### WHAT IS BEING ASKED
Print the line that contains "外壁の欠けた部分や、躯体内部", then every line after it until the entries end, exactly as they read; do not include pictures.

### THE DATA
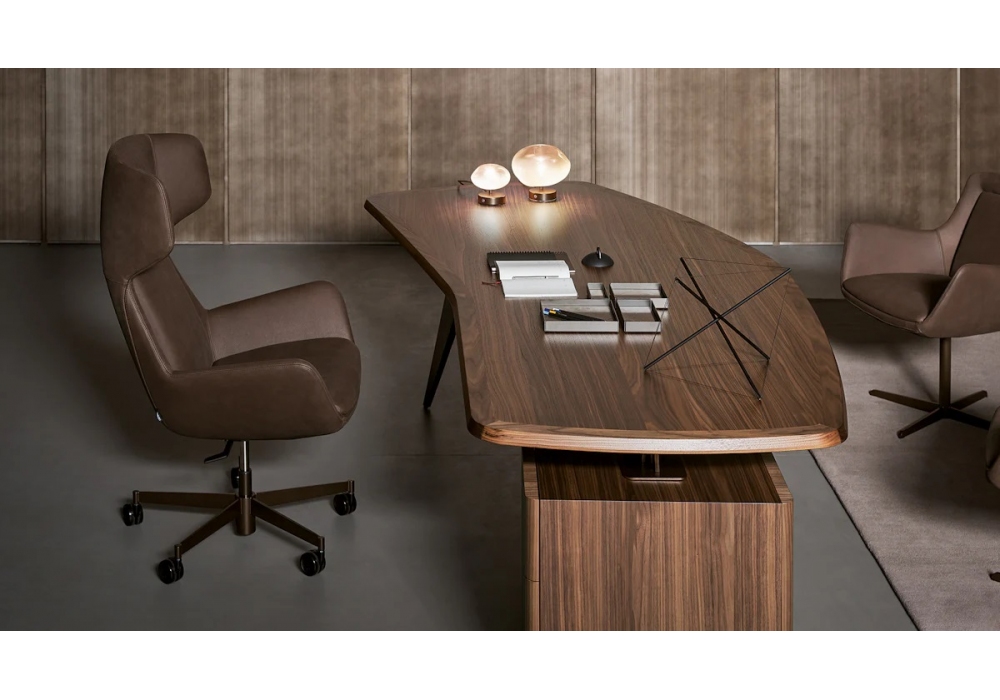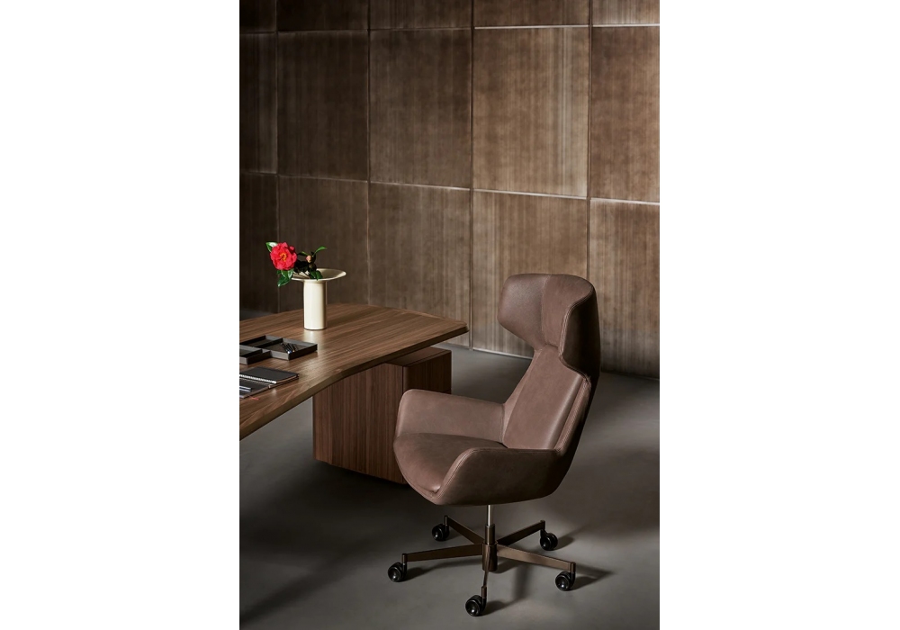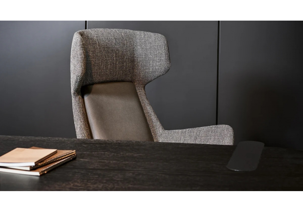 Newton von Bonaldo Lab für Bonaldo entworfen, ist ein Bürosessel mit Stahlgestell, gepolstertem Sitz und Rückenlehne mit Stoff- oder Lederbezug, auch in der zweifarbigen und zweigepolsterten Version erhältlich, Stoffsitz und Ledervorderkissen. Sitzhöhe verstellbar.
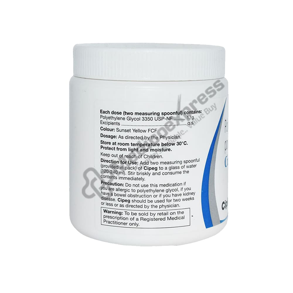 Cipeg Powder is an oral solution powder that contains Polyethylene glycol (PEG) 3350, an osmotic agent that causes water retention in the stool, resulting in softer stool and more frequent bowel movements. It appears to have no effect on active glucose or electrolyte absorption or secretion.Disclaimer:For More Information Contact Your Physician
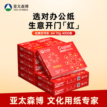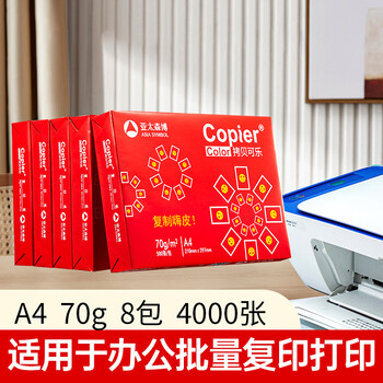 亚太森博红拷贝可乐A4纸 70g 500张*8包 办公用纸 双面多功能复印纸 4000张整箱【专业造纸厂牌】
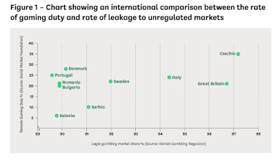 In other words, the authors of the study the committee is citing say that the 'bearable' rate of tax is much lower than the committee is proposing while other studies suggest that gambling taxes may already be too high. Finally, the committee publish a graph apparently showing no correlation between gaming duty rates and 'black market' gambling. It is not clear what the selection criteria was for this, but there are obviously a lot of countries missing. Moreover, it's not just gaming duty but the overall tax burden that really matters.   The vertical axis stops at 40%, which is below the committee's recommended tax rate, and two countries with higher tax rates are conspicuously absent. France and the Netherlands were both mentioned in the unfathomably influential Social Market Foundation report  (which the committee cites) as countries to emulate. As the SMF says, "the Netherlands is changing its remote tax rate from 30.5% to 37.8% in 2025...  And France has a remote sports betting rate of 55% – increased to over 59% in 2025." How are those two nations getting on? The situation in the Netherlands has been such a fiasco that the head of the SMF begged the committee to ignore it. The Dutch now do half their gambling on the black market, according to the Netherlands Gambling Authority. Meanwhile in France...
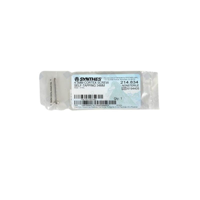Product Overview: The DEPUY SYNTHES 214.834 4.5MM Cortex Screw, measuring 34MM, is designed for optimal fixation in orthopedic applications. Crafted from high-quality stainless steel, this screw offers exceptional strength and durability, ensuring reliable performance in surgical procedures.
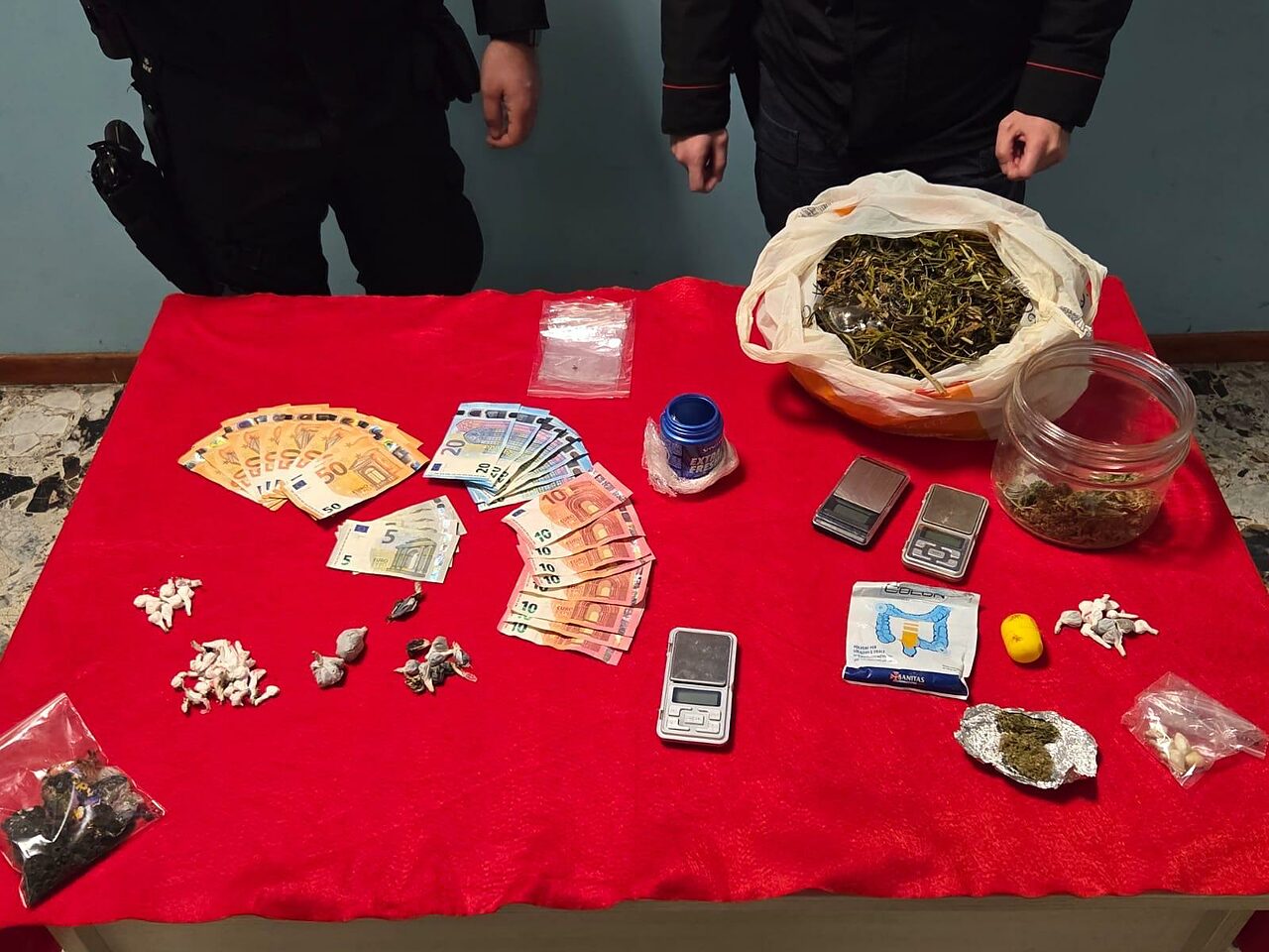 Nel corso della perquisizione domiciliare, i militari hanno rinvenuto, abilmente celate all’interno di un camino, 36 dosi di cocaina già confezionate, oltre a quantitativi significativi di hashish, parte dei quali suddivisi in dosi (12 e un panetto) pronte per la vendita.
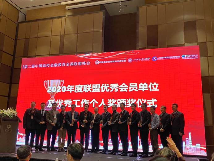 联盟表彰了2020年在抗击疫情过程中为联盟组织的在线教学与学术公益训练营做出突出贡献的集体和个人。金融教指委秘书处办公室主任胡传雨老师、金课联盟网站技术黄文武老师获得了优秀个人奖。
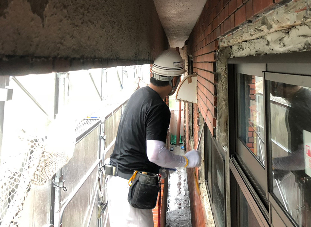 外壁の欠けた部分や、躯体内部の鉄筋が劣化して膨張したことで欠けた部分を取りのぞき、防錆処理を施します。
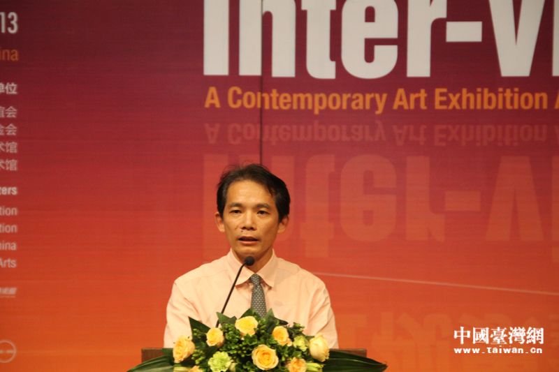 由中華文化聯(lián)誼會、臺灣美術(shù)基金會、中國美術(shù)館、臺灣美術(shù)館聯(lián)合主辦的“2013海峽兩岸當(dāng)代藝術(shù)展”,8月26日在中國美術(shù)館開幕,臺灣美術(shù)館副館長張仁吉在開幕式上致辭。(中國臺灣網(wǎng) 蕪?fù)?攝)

### TASK SOLUTION
 外壁の欠けた部分や、躯体内部の鉄筋が劣化して膨張したことで欠けた部分を取りのぞき、防錆処理を施します。
 由中華文化聯(lián)誼會、臺灣美術(shù)基金會、中國美術(shù)館、臺灣美術(shù)館聯(lián)合主辦的“2013海峽兩岸當(dāng)代藝術(shù)展”,8月26日在中國美術(shù)館開幕,臺灣美術(shù)館副館長張仁吉在開幕式上致辭。(中國臺灣網(wǎng) 蕪?fù)?攝)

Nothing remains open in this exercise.